Given data
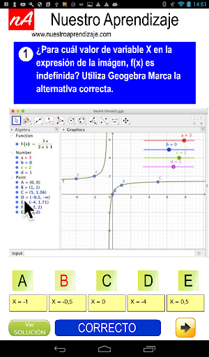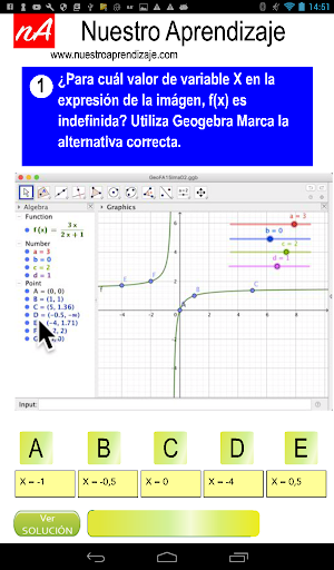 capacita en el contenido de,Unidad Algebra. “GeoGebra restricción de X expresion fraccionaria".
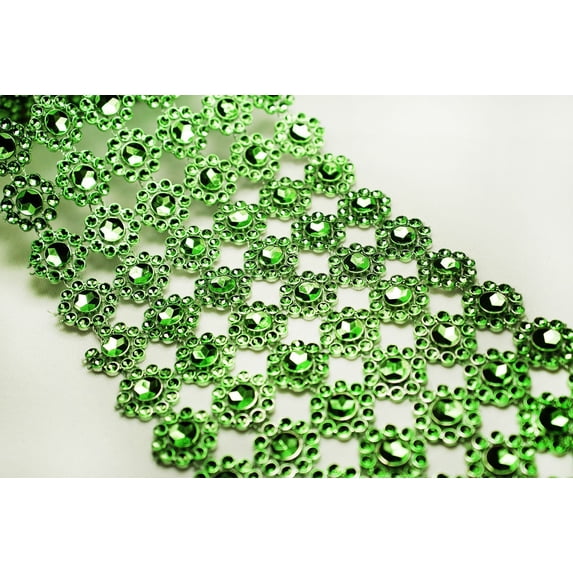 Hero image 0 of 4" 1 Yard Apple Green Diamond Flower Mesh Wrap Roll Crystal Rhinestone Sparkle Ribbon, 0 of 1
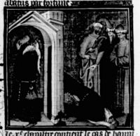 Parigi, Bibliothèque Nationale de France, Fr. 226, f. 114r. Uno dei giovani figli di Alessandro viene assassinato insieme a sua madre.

Exercise description
Before handing back the copy, remove the pictures; otherwise print the data exactly.

Answer to this task
 capacita en el contenido de,Unidad Algebra. “GeoGebra restricción de X expresion fraccionaria".
 Hero image 0 of 4" 1 Yard Apple Green Diamond Flower Mesh Wrap Roll Crystal Rhinestone Sparkle Ribbon, 0 of 1
 Parigi, Bibliothèque Nationale de France, Fr. 226, f. 114r. Uno dei giovani figli di Alessandro viene assassinato insieme a sua madre.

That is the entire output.